The International Monetary Fund (IMF) today released a study entitled “Toward New Horizons—Arab Economic Transformation Amid Political Transitions,” which highlights the urgency of pursuing bold economic policy reforms to achieve economic stability and generate job-creating growth in the region. The study examines the economies of Egypt, Jordan, Morocco, Yemen, Tunisia, and Libya and concludes that the near-term economic outlook continues to be challenging and that the priority for the coming year is maintaining economic stability.
“Arab Countries in Transition have maintained economic stability while navigating through difficult economic and socio-political terrain. However, economic growth is still too low and the jobs created are far too few to meet the aspirations of the people that took to the streets more than three years ago, in part to ensure better access to economic opportunity. The priority now is to launch ambitious reforms to raise growth and make a dent in the countries’ high rates of unemployment, especially among youth,” said IMF Managing Director Christine Lagarde.
Unless strong economic and financial reforms are implemented, recovery will be insufficient to reduce the region’s high rates of unemployment in a meaningful way, particularly among the women and youth, the study says. The authors, an IMF staff team led by Harald Finger and Daniela Gressani, recommends focusing on three medium-term policy priorities for Arab Countries in Transition (ACTs): creating more jobs in the near term, reducing vulnerabilities to safeguard economic stability, and setting in motion reforms to generate higher and more inclusive growth in coming years.
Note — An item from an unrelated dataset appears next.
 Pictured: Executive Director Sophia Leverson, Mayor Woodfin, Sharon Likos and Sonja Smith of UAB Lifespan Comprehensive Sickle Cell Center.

The authors argue that fiscal policy should aim to reorient resources toward raising public investment while protecting vulnerable groups through well-targeted social assistance. Fiscal policy also needs to remain anchored in policy frameworks that maintain and strengthen economic stability.
In addition, the study finds that a strong economic reform agenda will be essential for propelling private sector activity and fostering a more dynamic, competitive, innovation-driven, and inclusive economy. Deepening trade integration can offer significant gains. In addition to the large potential direct gains of boosting exports, trade integration can serve as catalyst for reforms in other areas that will help countries compete. Tackling complex and burdensome business regulation could unleash entrepreneurial activity and private investment, and reduce informality and corruption. Large benefits could be gained from strengthening access to finance especially for small and medium enterprises, an area the ACTs lag behind all other regions in the world. Labor market and education reforms can provide incentives for hiring and participation in the formal labor market. And countries need to create efficient social safety nets to protect the poor and vulnerable in cost-effective ways.
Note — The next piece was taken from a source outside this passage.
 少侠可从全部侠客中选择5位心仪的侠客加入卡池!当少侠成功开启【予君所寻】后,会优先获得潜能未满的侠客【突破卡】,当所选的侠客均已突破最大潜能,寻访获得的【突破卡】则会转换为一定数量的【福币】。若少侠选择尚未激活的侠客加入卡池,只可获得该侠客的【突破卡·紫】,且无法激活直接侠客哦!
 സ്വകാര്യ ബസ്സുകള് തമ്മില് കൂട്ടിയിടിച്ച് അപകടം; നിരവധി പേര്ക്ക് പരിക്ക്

“The agenda for jobs and growth in the Arab Countries in Transition has to be tackled in a complex, evolving socio-political environment. Countries should carefully prioritize and sequence their reforms in the context of a changing political economy that requires broad-based consensus building and buy-in from stakeholders that were previously excluded,” Masood Ahmed, Director of the IMF’s Middle East and Central Asia Department, said today at a press conference in Washington.
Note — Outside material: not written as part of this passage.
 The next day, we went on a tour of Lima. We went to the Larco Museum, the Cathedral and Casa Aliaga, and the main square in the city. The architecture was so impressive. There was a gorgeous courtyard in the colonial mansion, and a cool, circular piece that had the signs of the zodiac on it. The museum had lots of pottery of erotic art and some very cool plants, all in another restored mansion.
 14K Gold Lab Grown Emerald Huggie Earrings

The authors contend that stepped-up support from the international community will also be critical, through increased financing, better access for the ACT’s exports to advanced economies’ markets, and broader policy advice and capacity-building.
This study will serve as an important input to the regional conference organized by the IMF, together with the Jordanian government and the Arab Fund for Economic and Social Development that will be held in Amman, Jordan, on May 11-12. The conference titled “Building the Future: Jobs, Growth, and Fairness in the Arab World”, will be attended by Ministers and Central Bank Governors from the region, as well as Managing Director Lagarde. It will provide a forum for debate among high-level policymakers, the private sector, civil society leaders, and academics on the main elements of an economic vision for the ACTs.